Using a script to send a GET or post is one of the simplest and most frequent things; then why do I have to yy again? Because not only practice makes perfect, ripe still can produce a lot of things come, see is with who born!
I think it's necessary to go over it again. HTTP protocol and Get/post request the corresponding content and format of the basic knowledge; but I'm not going to make this brief, I want you to take a look at some of those things like "when you use a browser to open a URL, what happened"?
Python sends get/post that may be involved in Lib:urllib, Urllib2, cookielib; As for other things such as handling HTML are not covered in this topic:
Request Www.111cn.net's homepage:
>>> Import Urllib2
>>> print Urllib2.urlopen (' http://www.111cn.net '). Read ()
>>> Import Urllib2
>>> print Urllib2.urlopen (' http://www.111cn.net '). Read ()
The above is Hello world level, but geek programmers often find that the printed things, because of the URL and different---nonsense, of course, not to say content, refers to style!!! Excellent site, its source code is often in all aspects of a high level, including Unicode coding, security, performance and so on.
Simulate the browser to open a login URL and log in successfully via post:
This is a special case, so I'm going to write a slightly more comprehensive point to cover as many common situations as possible, including but not limited to: cookies, password encryption, HTTPS, simple authentication codes, IP restrictions , fully pretending to be a browser and so on.
The minimum form to send a POST request:
>>> import urllib
>>> import urllib2
> >> import cookielib
>>> CJ = Cookielib. Cookiejar ()
>>> opener = Urllib2.build_opener (urllib2. Httpcookieprocessor (CJ))

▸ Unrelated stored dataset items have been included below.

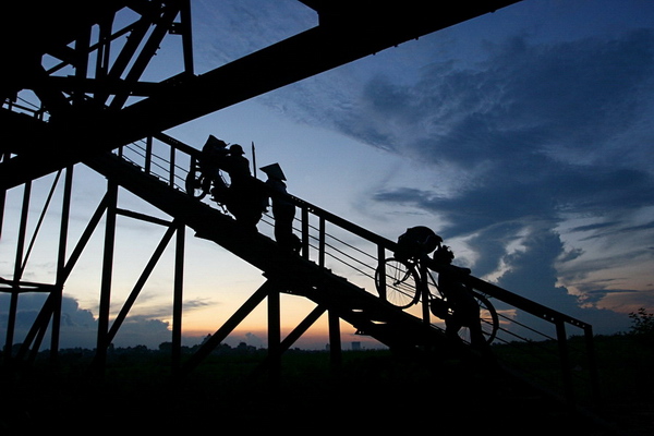 Những người nông dân từ bãi lên cầu trở về sau một ngày lao động
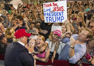 Trump kandi yanagaragaye mu bikorwa bifite isura y’iyobokamana, nko gufata Bibiliya imbere y’itorero rya St. John’s Episcopal Church i Washington D.C. mu 2020 mu gihe cy’imyigaragambyo, igikorwa cyafashwe nk’ikimenyetso cyo gukoresha imyemerere mu rwego rwa politiki. Nubwo yivugira ko ari umukristo, ubushakashatsi bwerekanye ko benshi mu banyamerika batamubonaga nk’umuntu w’iyobokamana, ahubwo bamufataga nk’ukoresha imyemerere mu rwego rwa politiki kurusha mu buzima bwa buri munsi.
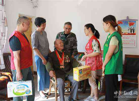 白志明老兵身體依舊很硬朗,精神矍鑠,身穿戎裝,佩戴榮譽(yù)勛章,交談中煥發(fā)著神采。工作人員和志愿者們與老兵一起回憶戰(zhàn)爭(zhēng)時(shí)代的崢嶸歲月,共同暢談現(xiàn)在的美好生活,與老人合影留念……
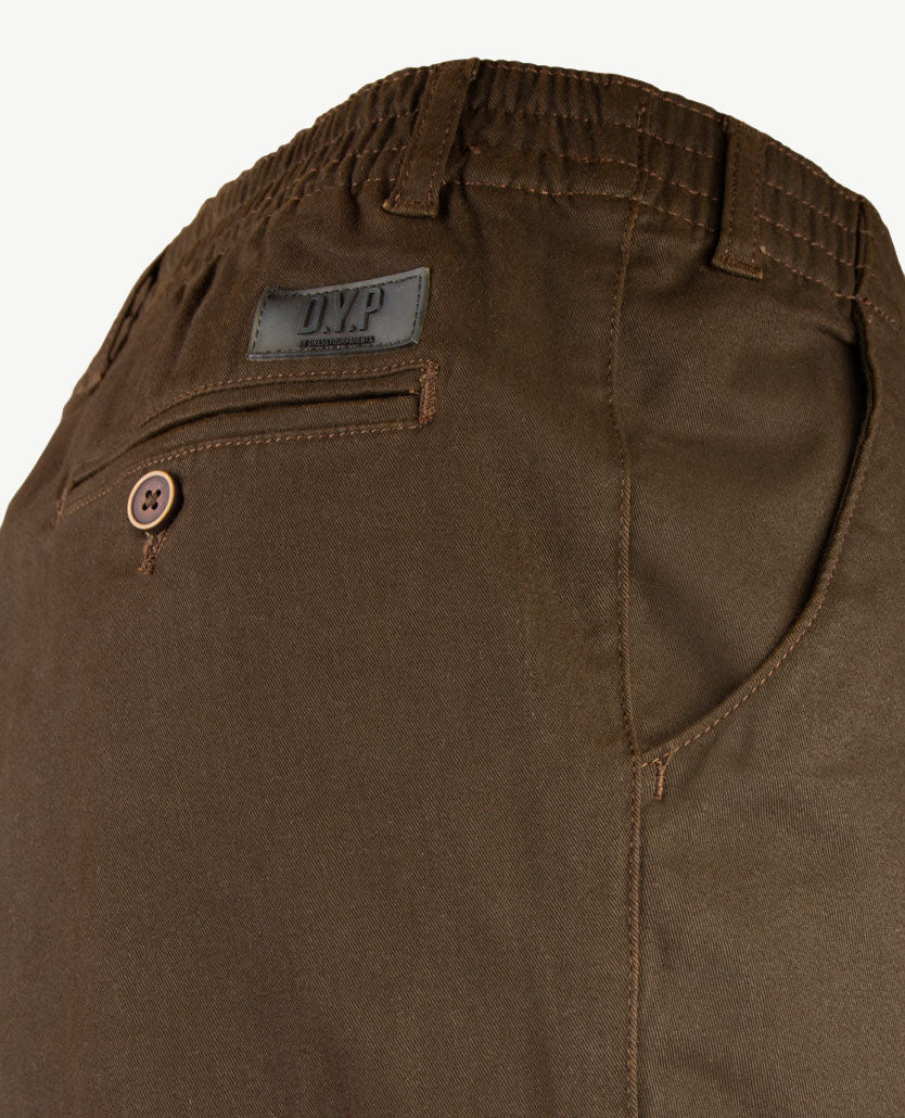 Nette, sportieve, wat dikkere, katoenen broek met doorgestikte elastische band in onze super fijne kwaliteit in een fijne basiskleur. Deze kwaliteit heeft een zachte vleug, dat maakt het net weer even anders. Kan ook het hele jaar door gedragen worden. Deze broek van D.Y.P. is voor mannen die een broek met een wat wijdere, klassieke fit willen hebben. De naden zijn op kleur doorgestikt. Twee steekzakken aan de zijkant en een afsluitbare aan de achterkant. Met riemlussen. Wat dikkere kwaliteit.
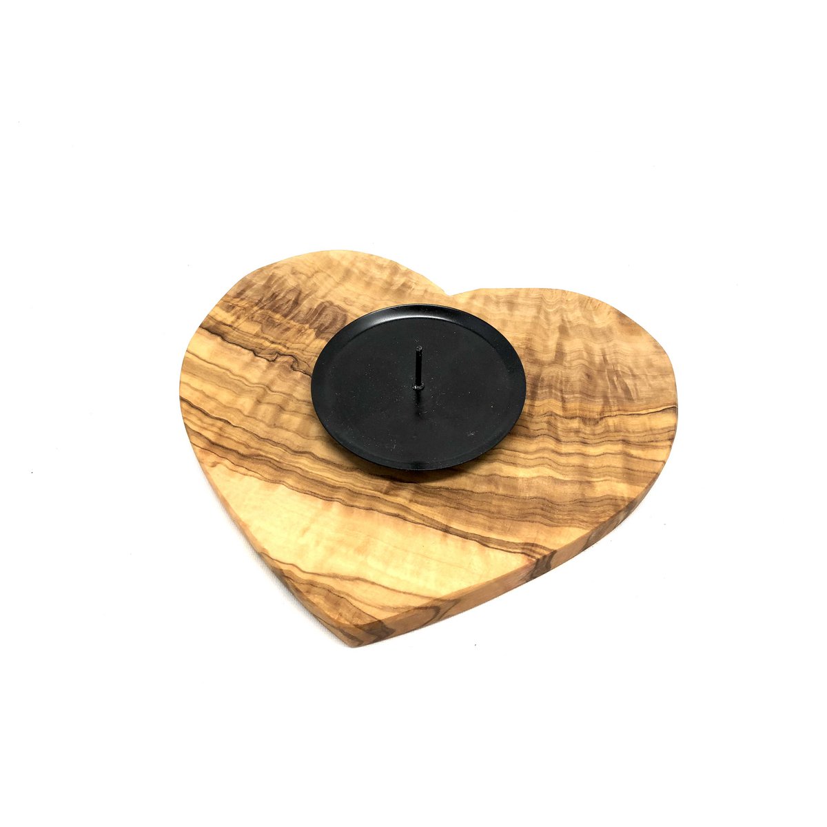 Sehr schöner Kerzenhalter auf einem Sockel in Form eines Herz aus Olivenholz. Durchmesser vom Herz ca. 15 cm und ca. 1,5 cm hoch.
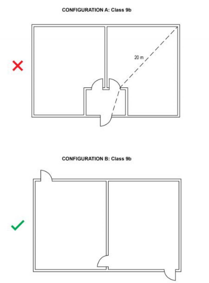 In Configuration B a second exit is provided to satisfy D1.2(d)(vi). A door is provided between the two classrooms because D1.2(g)(ii) requires all occupants of a storey to have access to at least two exits if two or more exits are required. Further, on account of D1.5, the two required exits are at least 9 m apart and distributed evenly around the storey. Configuration B does comply for this scenario.
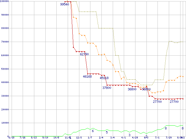 | PC2-4200* 2GBの価格推移 | | | (2005年6月18日~2006年9月2日) |
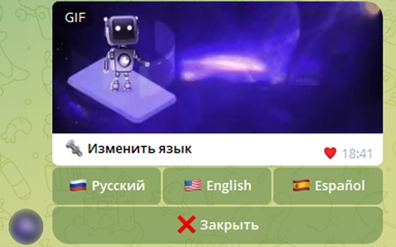 Основной инструмент деятельности в этой группе – Telegram-бот. Он поддерживает три языка: русский, английский и испанский.
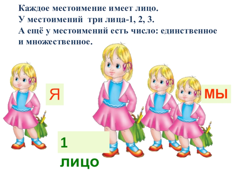 Слайд 16У каждого местоимения своё лицо .
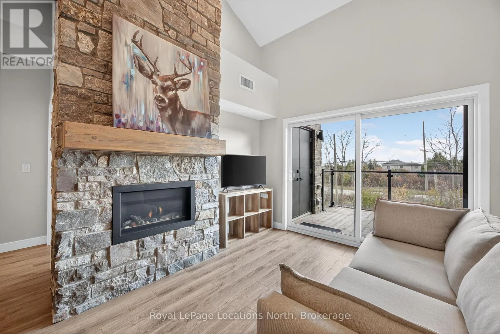 Annual or seasonal rental. 3-bedroom, 2-bathroom two-storey loft-style condo in the highly desirable Mountain House community. This modern unit offers an open-concept layout with soaring ceilings, upgraded finishes, and a bright, spacious living area complete with a natural gas fireplace. The kitchen features contemporary cabinetry, quartz counters, stainless-steel appliances, and an ideal flow for entertaining. The loft-level primary bedroom provides
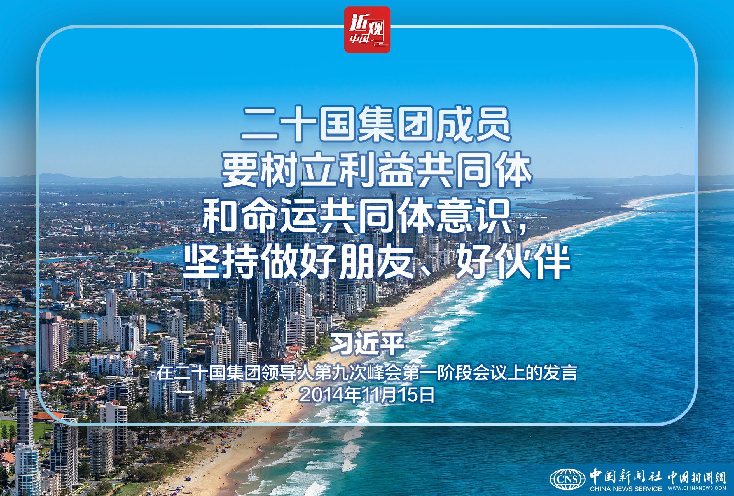 2014年11月15日,二十国集团领导人第九次峰会在澳大利亚布里斯班举行。中国国家主席习近平出席会议并发表题为《推动创新发展实现联动增长》的重要讲话。
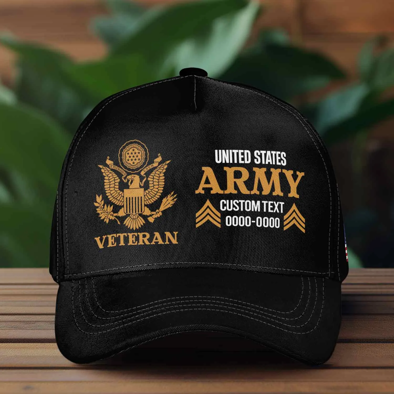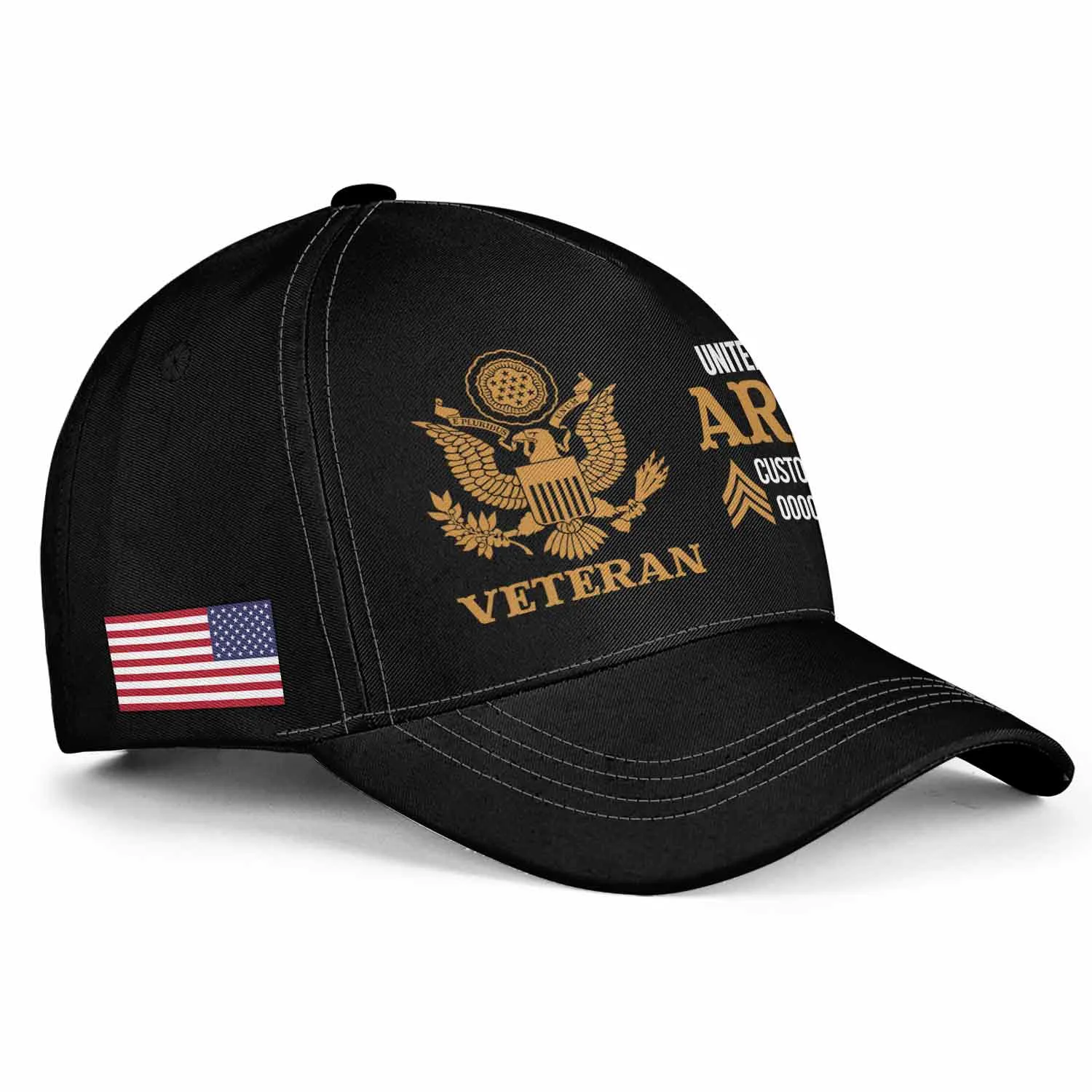 Customized Modern US Veteran Hat - Split Design Branch & Seal - Personalized Rank, Name & Years #000199
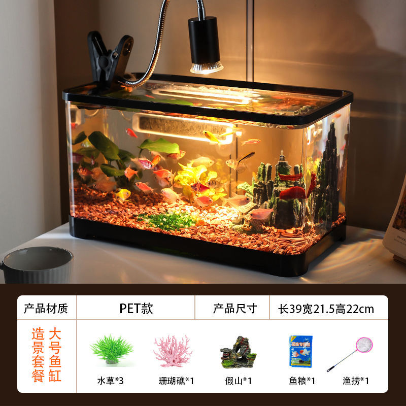 HD 투명 어항 가정용 데스크탑 수족관 생태 풍경 플라스틱 금붕어 탱크 거북이 탱크 슈퍼 화이트 중형 및 소형스토어 가기
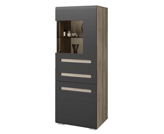 Шкаф распашной из серии "Наоми" – красивое решение для современного интерьера. Он прекрасно будет смотреться в вашей гостиной. В нем можно разместить предметы декора, посуду, книги и другие вещи. Модель оснащена распашными дверцами и выдвижным ящиком на роликовых направляющих. Фасады изготовлены из МДФ цвета "графит". В верхнюю створку вставлено тонированное стекло, что придает модели легкости и стиля.
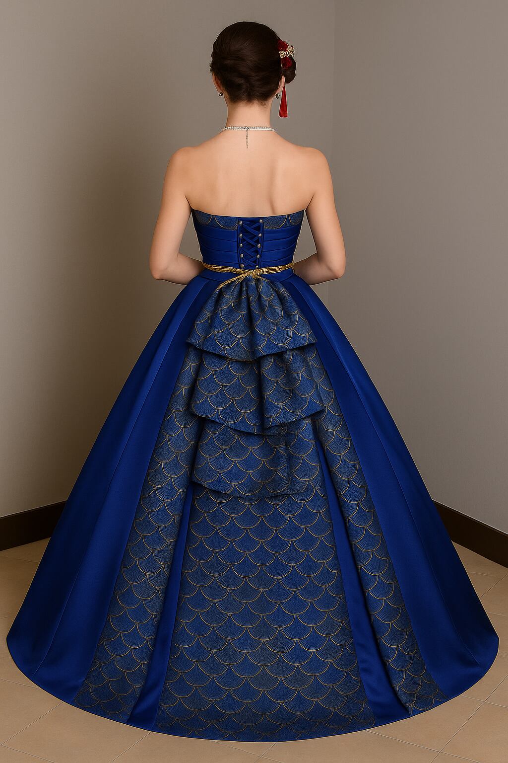 着物ドレス、和風ドレス ネイビー 編み上げ フリルドレス ビスチェドレス アンティーク色 結婚式
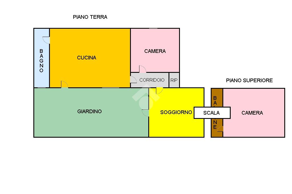 -piano terra: ingresso direttamente in cucina, bagno finestrato, cameretta e ampio salone luminoso.
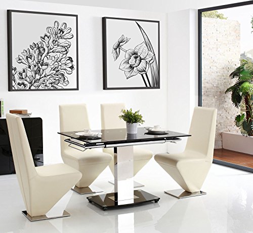 PRODUCT DESCRIPTIONS:Looking for a compact but versatile dining solution for your home? Look no further than the stunning Enzo black glass extending dining table. The Enzo is made of 12mm thick tempered glass with a central stainless steel pillar frame set on top of a black glass base. The glass on both the table top and base is finished with bevelled edges. Fully extended the table measures 120cm in length enabling 6 people to be seated. The fixed surface area measures 80cm x 80cm giving you a compact space saving solution when you don't need to entertain guests. Accompanying the table are the stunning Rita faux leather dining chairs available in black or ivory. The Rita dining chairs are an exclusive design, featuring a subtly angled back and geometric style seat set on top of a flat polished stainless steel base. The seat and back rest are padded for a comfortable dining experience.Please Note: These Chairs come flat packKey Features: •12mm thick toughened glass - fully tempered •Bevelled edges on all glass •2 extension panels - with simple to use mechanism for maximum convenience •Sturdy polished stainless steel frame •Adjustable feet for uneven floors •This item has been designed with minimal home assembly needed to aid delivery to your home. Full instructions will be provided to ensure assembly process is straight forward
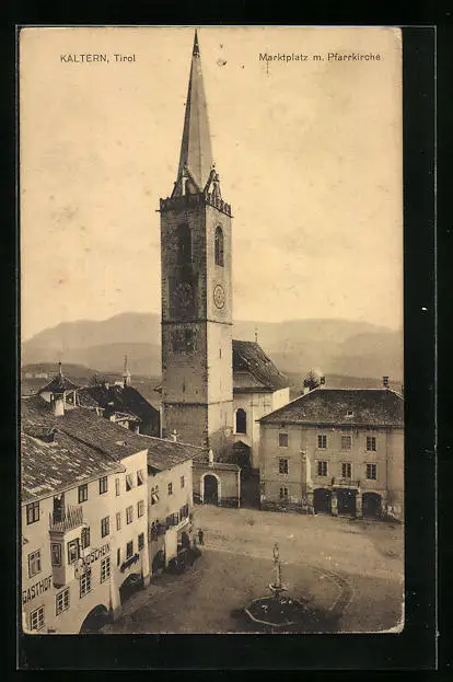 AK Kaltern, Marktplatz mit Pfarrkirche, Gasthof Mondschein
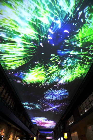 作為中國最長投影天幕街,該項目一度成為當地文化旅游的核心競爭力,震撼效果呈現讓各地游客耳目一新,稱贊不已。地下天幕街項目共使用NEC PX1004UL+激光工程投影機21臺,整屏視頻分辨率可達34500*1200,總畫面長230米,投影面積達1840平米,整個天幕效果十分驚艷,創新形態的引用無疑給商業街區帶來巨大的人流,其帶來的商業價值也是不可估量的。
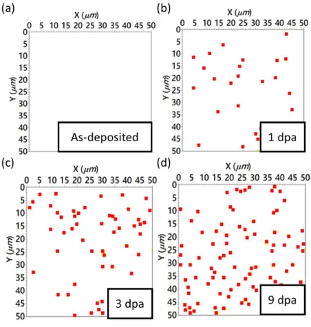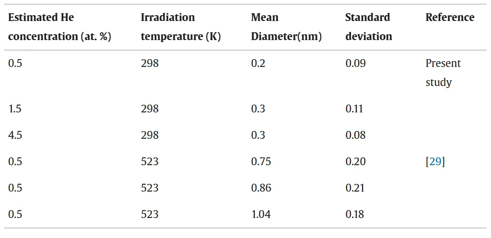 表 2. 通过 TEM 观察注入 275 keV He 的 HEA 试样获得的 He 气泡平均直径,与先前研究中在块状 CoCrFeNi 高熵合金中进行的温度辐照进行比较 [29]。

>>> opener.addheaders = [(' User-agent ', ' mozilla/4.0 ' (compatible; MSIE 7.0; Windows NT 5.1)]
>>> Urllib2.install_opener (opener)
>>> req = Urllib2. Request ("Http://xxoo.com", Urllib.urlencode ({"username": "root", "password": "Rootxxoo"})
>>> resp = urllib2.urlopen (req)
>>> print resp.read ()
>>> Imp ORT urllib
>>> import urllib2
>>> import cookielib
>>> CJ = Cookielib. Cookiejar ()
>>> opener = Urllib2.build_opener (urllib2. Httpcookieprocessor (CJ))
>>> opener.addheaders = [(' User-agent ', ' mozilla/4.0] (compatible; MSIE 7.0; Windows NT 5.1)]
>>> Urllib2.install_opener (opener)
>>> req = urllib2. Request ("Http://xxoo.com", Urllib.urlencode ({"username": "root", "password": "Rootxxoo"}))
>>> resp = urllib2.urlopen (req)
>>> Print Resp.read ()
Some caveats or best practices:
A If the post fails because of a cookie problem, it is best to log in with a real browser, and then use debugging tools such as Firebug to view the actual request and response header information, as well as cookie data!
B In addition to cookies, there are many other ways to achieve some security or other purposes, cookies can save the data is 4k, and completely open to the client.
C in fact, the first important thing is to read the source code, the naked eye to resolve the form and its action and parameters, and make clear logic, then to simulate, but this step is often the beginning of the wits stage; some programmers always use tricks to flirt with you, such as appending meaningless arguments Append random numbers and name them as variables that look like business data, and others like to play math, such as prime number arithmetic.
D Authentication code problem: Divided into many kinds, some programmers are relatively tender, so you can analyze the bypass, and the general Security verification Code, you need to request some authentication code back to build the library, do feature recognition; As for the very abnormal verification code, I suggest you give up this idea, do not have to identify!
E Online discuz! analog login, in fact, are mostly theory; the real program is in those professional posting companies there.